What the exercise asks -> Return all the data exactly, keeping the pictures out.

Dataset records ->
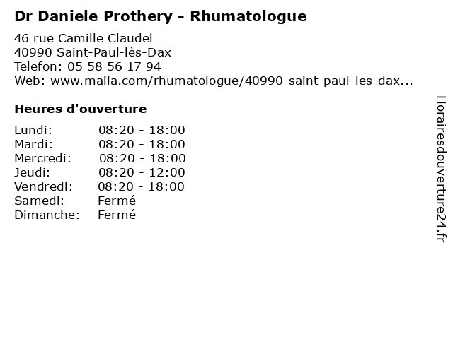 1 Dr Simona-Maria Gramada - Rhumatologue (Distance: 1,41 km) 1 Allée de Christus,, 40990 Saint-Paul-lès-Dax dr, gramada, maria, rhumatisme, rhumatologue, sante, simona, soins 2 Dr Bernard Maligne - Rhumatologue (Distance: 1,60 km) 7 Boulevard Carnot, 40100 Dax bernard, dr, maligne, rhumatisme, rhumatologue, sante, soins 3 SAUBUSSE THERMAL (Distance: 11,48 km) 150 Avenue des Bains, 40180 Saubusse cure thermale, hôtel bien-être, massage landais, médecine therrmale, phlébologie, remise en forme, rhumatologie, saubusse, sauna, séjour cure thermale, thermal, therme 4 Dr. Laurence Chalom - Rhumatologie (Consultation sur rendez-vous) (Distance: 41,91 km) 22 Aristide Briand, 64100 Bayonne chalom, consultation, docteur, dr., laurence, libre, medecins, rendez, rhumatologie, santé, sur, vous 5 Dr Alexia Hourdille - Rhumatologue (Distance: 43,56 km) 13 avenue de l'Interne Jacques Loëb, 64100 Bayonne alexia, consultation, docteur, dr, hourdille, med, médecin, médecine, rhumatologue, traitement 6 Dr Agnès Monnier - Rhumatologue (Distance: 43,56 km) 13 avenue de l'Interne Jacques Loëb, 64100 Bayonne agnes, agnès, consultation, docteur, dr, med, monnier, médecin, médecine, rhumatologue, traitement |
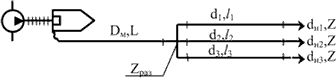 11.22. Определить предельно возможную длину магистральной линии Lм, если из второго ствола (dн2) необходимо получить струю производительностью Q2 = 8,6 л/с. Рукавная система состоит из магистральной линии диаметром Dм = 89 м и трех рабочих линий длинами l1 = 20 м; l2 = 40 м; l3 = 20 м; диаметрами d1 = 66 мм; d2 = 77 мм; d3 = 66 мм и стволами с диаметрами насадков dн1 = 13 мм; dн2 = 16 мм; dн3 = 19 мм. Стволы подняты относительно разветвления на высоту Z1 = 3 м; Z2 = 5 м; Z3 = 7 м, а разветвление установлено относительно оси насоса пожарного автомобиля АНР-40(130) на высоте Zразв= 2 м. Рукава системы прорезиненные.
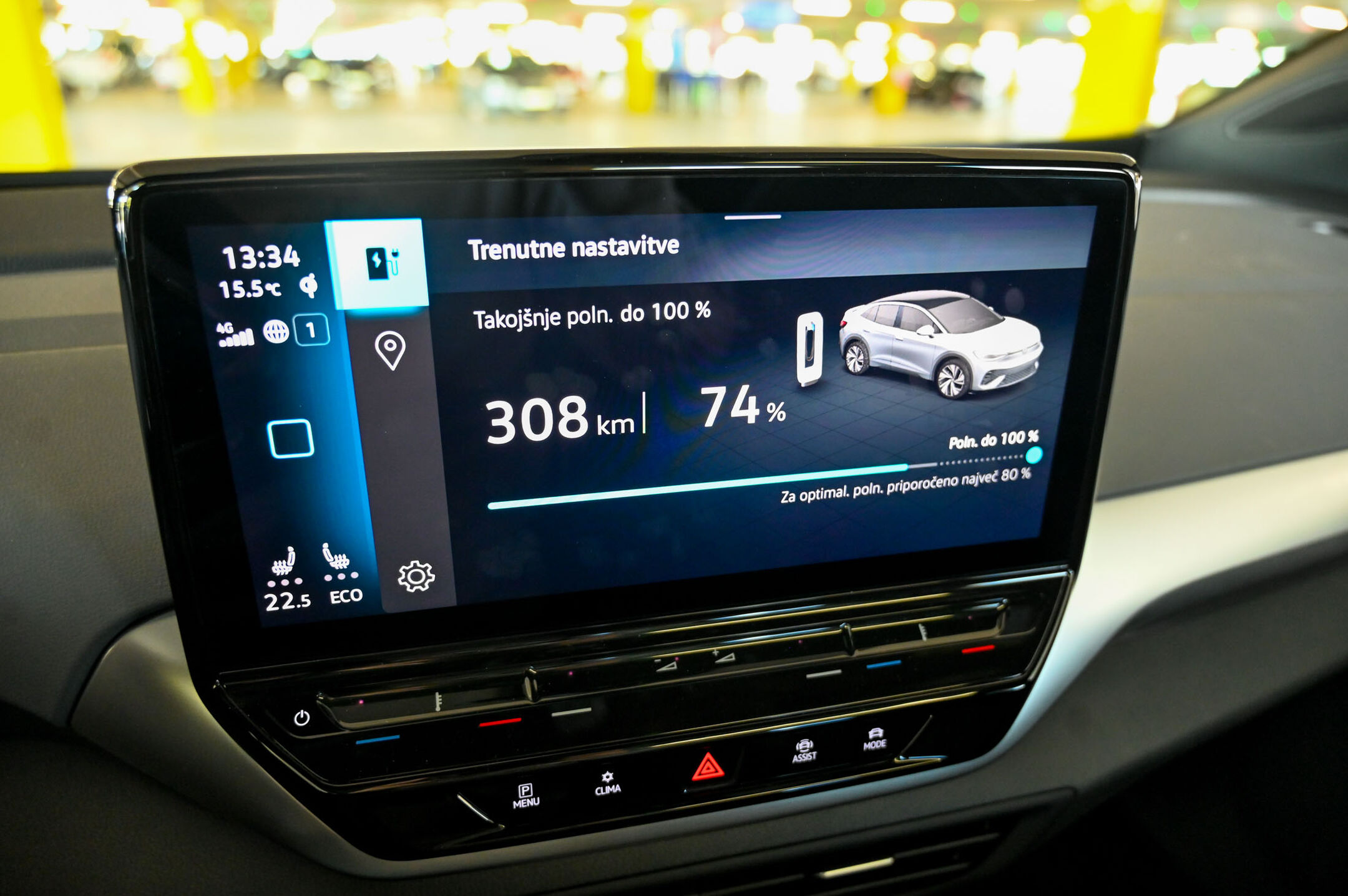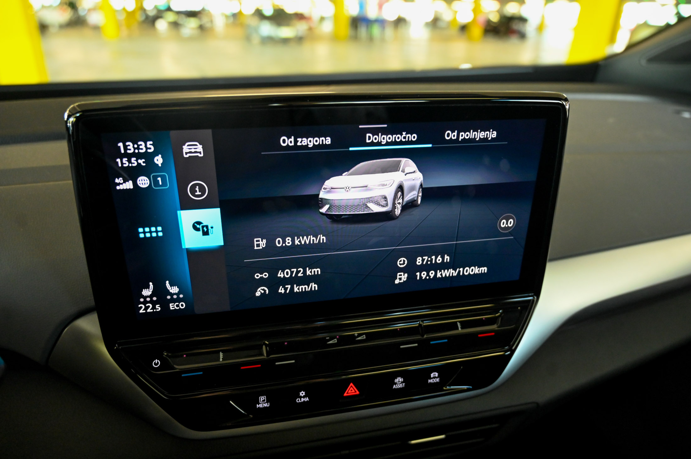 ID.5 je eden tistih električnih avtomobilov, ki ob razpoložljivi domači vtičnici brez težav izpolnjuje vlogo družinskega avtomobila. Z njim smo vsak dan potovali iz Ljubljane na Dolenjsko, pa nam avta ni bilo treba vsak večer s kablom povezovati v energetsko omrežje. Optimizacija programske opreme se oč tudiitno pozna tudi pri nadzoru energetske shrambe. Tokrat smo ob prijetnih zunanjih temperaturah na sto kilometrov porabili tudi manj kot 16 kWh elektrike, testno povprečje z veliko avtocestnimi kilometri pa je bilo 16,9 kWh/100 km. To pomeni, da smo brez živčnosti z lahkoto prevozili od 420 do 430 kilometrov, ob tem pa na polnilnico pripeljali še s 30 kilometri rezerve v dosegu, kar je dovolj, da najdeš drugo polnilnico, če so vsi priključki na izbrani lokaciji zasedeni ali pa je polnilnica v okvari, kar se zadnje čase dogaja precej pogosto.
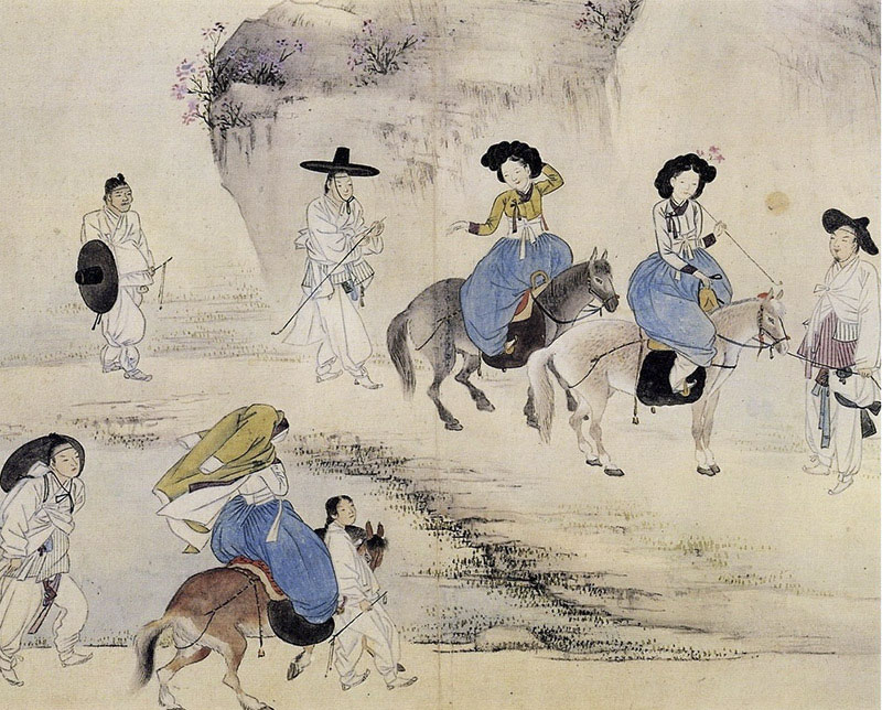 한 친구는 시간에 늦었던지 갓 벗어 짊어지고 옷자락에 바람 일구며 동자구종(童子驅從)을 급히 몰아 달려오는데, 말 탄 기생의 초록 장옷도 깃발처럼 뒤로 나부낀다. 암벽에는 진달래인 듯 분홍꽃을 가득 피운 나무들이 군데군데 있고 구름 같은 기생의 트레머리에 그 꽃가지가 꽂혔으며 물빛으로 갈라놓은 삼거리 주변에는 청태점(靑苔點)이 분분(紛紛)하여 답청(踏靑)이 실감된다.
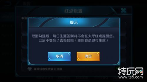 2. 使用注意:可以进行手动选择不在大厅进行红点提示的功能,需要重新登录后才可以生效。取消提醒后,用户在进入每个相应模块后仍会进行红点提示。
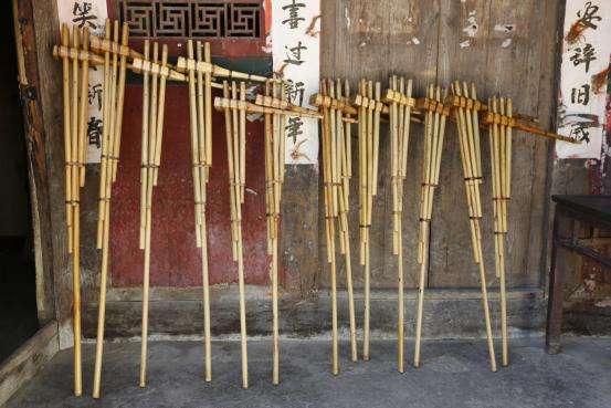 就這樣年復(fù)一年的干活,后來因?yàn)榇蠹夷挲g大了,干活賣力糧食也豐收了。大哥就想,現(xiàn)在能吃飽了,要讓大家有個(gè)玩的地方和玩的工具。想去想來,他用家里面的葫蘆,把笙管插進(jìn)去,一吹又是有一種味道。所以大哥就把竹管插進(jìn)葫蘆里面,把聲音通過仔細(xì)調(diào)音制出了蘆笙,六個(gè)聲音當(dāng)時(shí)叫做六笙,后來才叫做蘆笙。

Exercise response ->
 1 Dr Simona-Maria Gramada - Rhumatologue (Distance: 1,41 km) 1 Allée de Christus,, 40990 Saint-Paul-lès-Dax dr, gramada, maria, rhumatisme, rhumatologue, sante, simona, soins 2 Dr Bernard Maligne - Rhumatologue (Distance: 1,60 km) 7 Boulevard Carnot, 40100 Dax bernard, dr, maligne, rhumatisme, rhumatologue, sante, soins 3 SAUBUSSE THERMAL (Distance: 11,48 km) 150 Avenue des Bains, 40180 Saubusse cure thermale, hôtel bien-être, massage landais, médecine therrmale, phlébologie, remise en forme, rhumatologie, saubusse, sauna, séjour cure thermale, thermal, therme 4 Dr. Laurence Chalom - Rhumatologie (Consultation sur rendez-vous) (Distance: 41,91 km) 22 Aristide Briand, 64100 Bayonne chalom, consultation, docteur, dr., laurence, libre, medecins, rendez, rhumatologie, santé, sur, vous 5 Dr Alexia Hourdille - Rhumatologue (Distance: 43,56 km) 13 avenue de l'Interne Jacques Loëb, 64100 Bayonne alexia, consultation, docteur, dr, hourdille, med, médecin, médecine, rhumatologue, traitement 6 Dr Agnès Monnier - Rhumatologue (Distance: 43,56 km) 13 avenue de l'Interne Jacques Loëb, 64100 Bayonne agnes, agnès, consultation, docteur, dr, med, monnier, médecin, médecine, rhumatologue, traitement |
 11.22. Определить предельно возможную длину магистральной линии Lм, если из второго ствола (dн2) необходимо получить струю производительностью Q2 = 8,6 л/с. Рукавная система состоит из магистральной линии диаметром Dм = 89 м и трех рабочих линий длинами l1 = 20 м; l2 = 40 м; l3 = 20 м; диаметрами d1 = 66 мм; d2 = 77 мм; d3 = 66 мм и стволами с диаметрами насадков dн1 = 13 мм; dн2 = 16 мм; dн3 = 19 мм. Стволы подняты относительно разветвления на высоту Z1 = 3 м; Z2 = 5 м; Z3 = 7 м, а разветвление установлено относительно оси насоса пожарного автомобиля АНР-40(130) на высоте Zразв= 2 м. Рукава системы прорезиненные.
 ID.5 je eden tistih električnih avtomobilov, ki ob razpoložljivi domači vtičnici brez težav izpolnjuje vlogo družinskega avtomobila. Z njim smo vsak dan potovali iz Ljubljane na Dolenjsko, pa nam avta ni bilo treba vsak večer s kablom povezovati v energetsko omrežje. Optimizacija programske opreme se oč tudiitno pozna tudi pri nadzoru energetske shrambe. Tokrat smo ob prijetnih zunanjih temperaturah na sto kilometrov porabili tudi manj kot 16 kWh elektrike, testno povprečje z veliko avtocestnimi kilometri pa je bilo 16,9 kWh/100 km. To pomeni, da smo brez živčnosti z lahkoto prevozili od 420 do 430 kilometrov, ob tem pa na polnilnico pripeljali še s 30 kilometri rezerve v dosegu, kar je dovolj, da najdeš drugo polnilnico, če so vsi priključki na izbrani lokaciji zasedeni ali pa je polnilnica v okvari, kar se zadnje čase dogaja precej pogosto.
 한 친구는 시간에 늦었던지 갓 벗어 짊어지고 옷자락에 바람 일구며 동자구종(童子驅從)을 급히 몰아 달려오는데, 말 탄 기생의 초록 장옷도 깃발처럼 뒤로 나부낀다. 암벽에는 진달래인 듯 분홍꽃을 가득 피운 나무들이 군데군데 있고 구름 같은 기생의 트레머리에 그 꽃가지가 꽂혔으며 물빛으로 갈라놓은 삼거리 주변에는 청태점(靑苔點)이 분분(紛紛)하여 답청(踏靑)이 실감된다.
 2. 使用注意:可以进行手动选择不在大厅进行红点提示的功能,需要重新登录后才可以生效。取消提醒后,用户在进入每个相应模块后仍会进行红点提示。
 就這樣年復(fù)一年的干活,后來因?yàn)榇蠹夷挲g大了,干活賣力糧食也豐收了。大哥就想,現(xiàn)在能吃飽了,要讓大家有個(gè)玩的地方和玩的工具。想去想來,他用家里面的葫蘆,把笙管插進(jìn)去,一吹又是有一種味道。所以大哥就把竹管插進(jìn)葫蘆里面,把聲音通過仔細(xì)調(diào)音制出了蘆笙,六個(gè)聲音當(dāng)時(shí)叫做六笙,后來才叫做蘆笙。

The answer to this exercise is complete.